(Stored records)
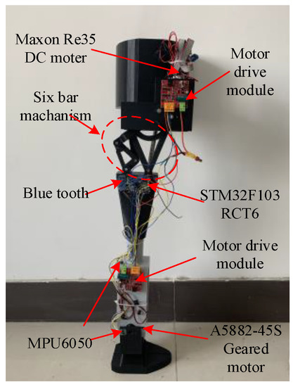 Obtain the structure optimization results of the knee joint, and design the prosthesis experimental prototype, as shown in Figure 14. In order to achieve tracking control of the knee and ankle joint angle in different working modes, first set different tasks in the microcontroller. The modes (walking, up and down stairs, and up and down slopes) correspond to the time-varying expressions of the joint angle. During work, the deviation of the expected joint angle from the actual joint angle is calculated according to the cycle time, and the two motor drive signals required by the PID control pattern are calculated. The DC motor is driven to rotate by two PWM signals, so that the knee and ankle joints can track the expected pattern of motion, and finally the data is transmitted to the PC by the Bluetooth module.
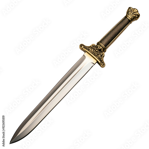 dagger with an ornate golden handle and a sharp isolated on a white background.
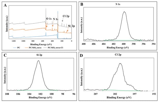 (A) XPS spectra of corona-treated PC (blue), PC/SiO2-urea (orange) and PC/SiO2-urea-Cl (gray) films. Magnification of the PC/SiO2-urea film spectra depicts the peaks corresponding to (B) N 1s and (C) Si 2p, belonging to the SiO2–urea coating. Magnification of the PC/SiO2-urea-Cl film spectrum shows the peaks corresponding to (D) Cl 2p, belonging to SiO2-urea-Cl coating.
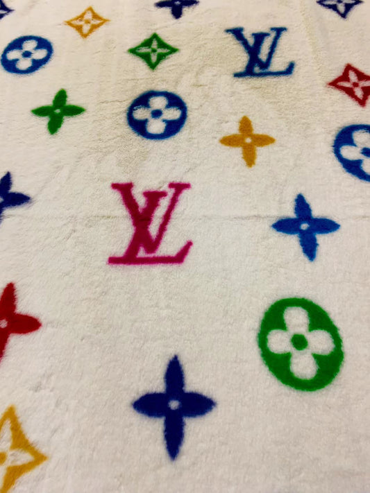 Fashion Colorful LV Design Flannel Knitted Jacquard Plush Fabric For Handicrafts By Yards
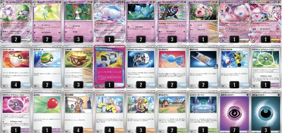 「サーナイトex」の特性「サイコエンブレイス」により、様々なサブアタッカーを選択できる為、環境に合わせ常にデッキの型を変え活躍し続けています。
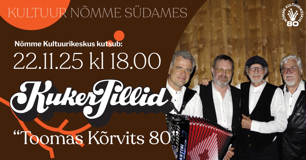 Legendaarne ansambel "Kukerpillid" tuleb Nõmme Kultuurikeskusesse esitlema oma uut heliplaati "Tomi lood ja laulud", mis on pühendatud bändi lauljale ja kitarristile Toomas Kõrvitsale, kes novembris tähistab oma 80ndat juubelit!
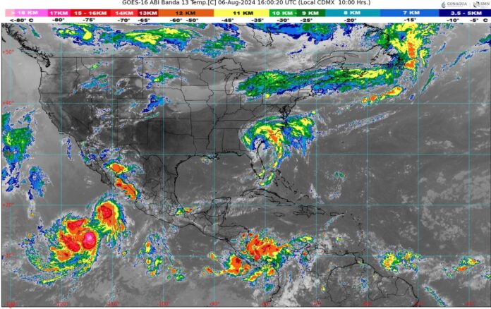 CDMX, 06 de agosto del 2024.- Para hoy martes, la tormenta tropical Fabio se localizará al sur-suroeste de las costas de Baja California Sur. Su circulación reforzará la probabilidad de lluvias puntuales muy fuertes en Nayarit y Jalisco y lluvias con intervalos de chubascos en Baja California Sur, acompañadas con descargas eléctricas, así como viento con rachas de 50 a 70 km/h y oleaje de 2 a 3 metros de altura en Baja California Sur, con posible formación de trombas marinas en costas de Jalisco, así como de 40 a 60 km/h con oleaje de 1 a 2 metros de altura en costas de Nayarit.
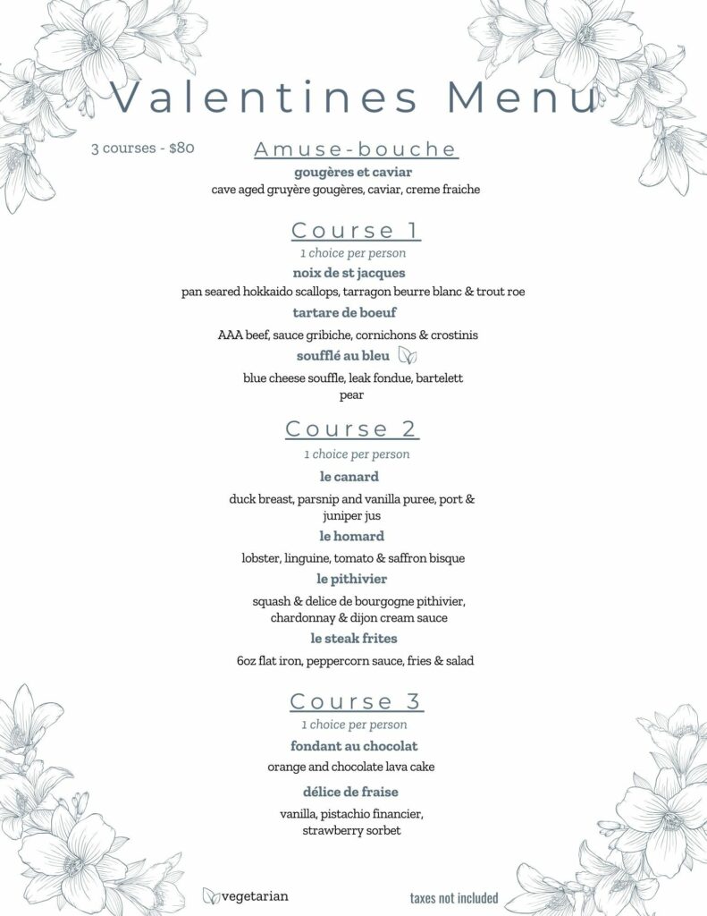 Join us this Valentine’s Day for an intimate three-course dinner for $80 per person.
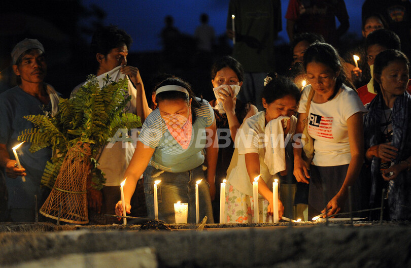 写真はイリガンの墓地に埋葬された遺体とキャンドルを灯す遺族(2011年12月20日撮影)。(c)AFP/TED ALJIBE
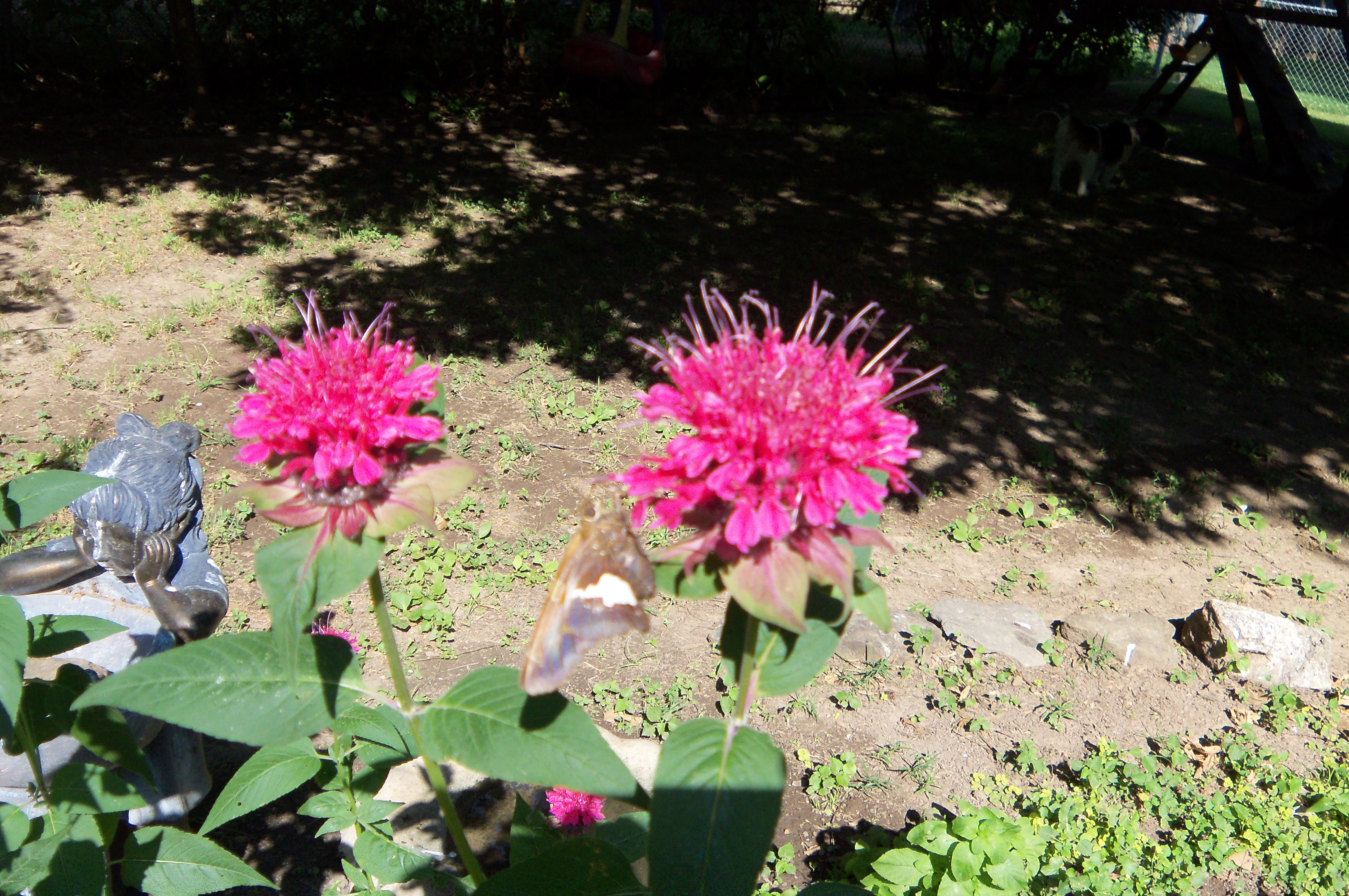 Each year, it comes up and grows and spreads a little more. Bees and butterflies love it. I tried to get some picture of the little insects on the blooms but the butterfly sort of blends in and the bee’s posterior is all that shows up.

* EXERCISE INSTRUCTIONS
Take the lines above starting at the one containing "Fashion Colorful LV" and ending at the one containing "oma 80ndat juubelit!", and print them again exactly, without pictures.

* SOLUTION
 Fashion Colorful LV Design Flannel Knitted Jacquard Plush Fabric For Handicrafts By Yards
 「サーナイトex」の特性「サイコエンブレイス」により、様々なサブアタッカーを選択できる為、環境に合わせ常にデッキの型を変え活躍し続けています。
 Legendaarne ansambel "Kukerpillid" tuleb Nõmme Kultuurikeskusesse esitlema oma uut heliplaati "Tomi lood ja laulud", mis on pühendatud bändi lauljale ja kitarristile Toomas Kõrvitsale, kes novembris tähistab oma 80ndat juubelit!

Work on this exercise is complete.